An Independent Evaluation of a Real-time PCR Assay Including a Free DNA Removal Step for the Detection of Listeria Species in Select Food and Environmental Surfaces

Introduction: Listeria’s ability to survive in extreme climates, such as low temperature and high pH, can cause severe problems for food manufacturers as the organism can survive cleaning conditions and contaminate food commodities. While less frequent than other food borne pathogens, outbreaks from Listeria monocytogenes have been linked to a variety of food types, such as raw milk cheeses, pasteurized dairy products, smoked seafood, deli meats, hot dogs, and cantaloupe. The presence of other Listeria species, such as L. innocua, L. welshimeri or L. ivanovii is often used as an indicator for the possible contamination of L. monocytogenes.  The Bio-Rad iQ-Check^® Listeria spp. Kit is based on gene amplification and detection by real-time PCR. Ready-to-use PCR reagents contain oligonucleotides (primers and probes) specific for Listeria species, as well as DNA polymerase and nucleotides. The Free DNA Removal Kit inhibits the amplification of target DNA from non-viable cells.

Purpose: The purpose of this independent evaluation was to compare the new method, including the Free DNA removal step, to the USDA-FSIS 8.09 method for deli ham (25g), stainless steel (1 x 1 swabs) and sealed concrete (4" x 4" sponges) environmental surfaces and the AOAC993.12 method for cheddar cheese  (125 g)as part of the AOAC RI™ PTM validation process.

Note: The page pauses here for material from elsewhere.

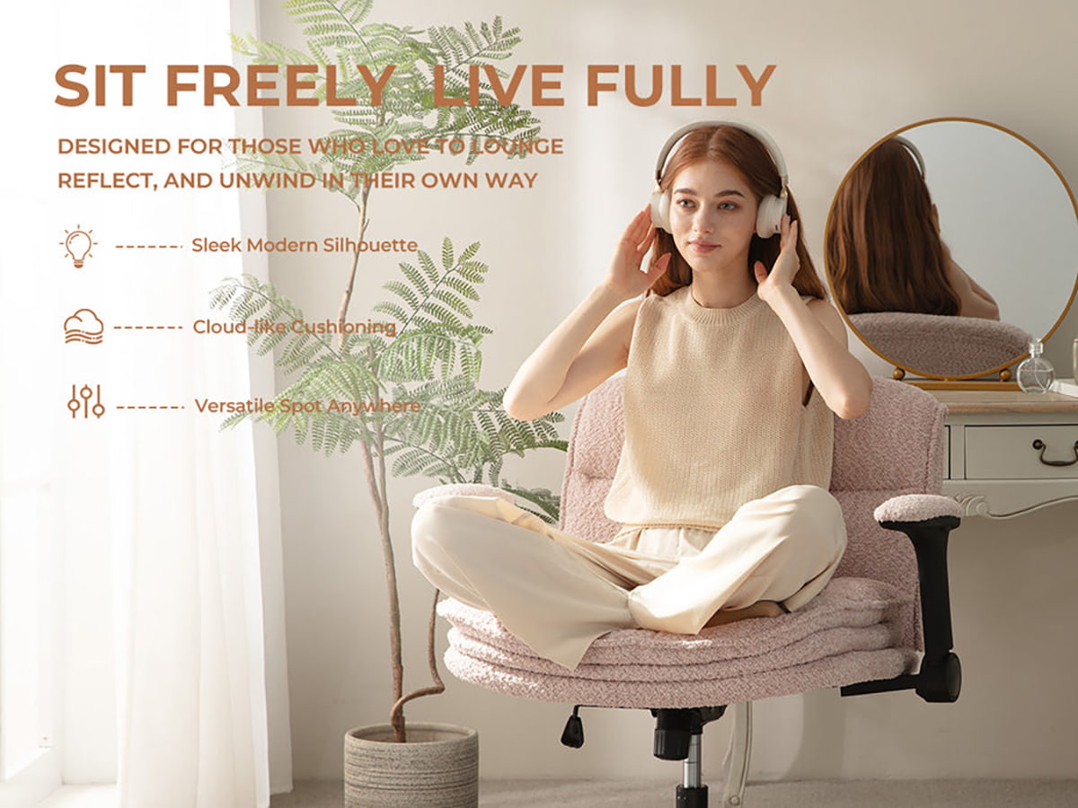 Sandaran tangan flip-up memaksimalkan fleksibilitas—duduk bersila, menyamping, meringkuk, atau tegak dengan mudah. Kursi ini dibuat untuk kenyamanan, pergerakan, dan gaya, sangat cocok untuk kantor rumah, kamar tidur, dan ruang kreatif.

Methods: Using 30 unpaired samples for each matrix, 5 replicates were inoculated at a high inoculation level, 20 at a low inoculation level and evaluated along with 5 uninoculated control replicates. After sample enrichment in Bio-Rad Listeria Special Broth, test portions were evaluated by both the new and reference methods.  Samples were confirmed following procedures outlined in the USDA/FSIS-MLG8.09 or AOAC993.12.

Results: Results for the assay were compared to the MLG and AOAC reference methods by POD analysis.  No statistically significant differences were observed between the new method and the reference methods in the 2 foods and 2 environmental surfaces.  

Significance: The data from the study, within the statistical uncertainty, support the product claims of the iQ-Check^® Listeria spp. Kit and enhanced sensitivity in detection of Listeria species using the Free DNA removal protocol in the select food matrices and environmental surfaces analyzed.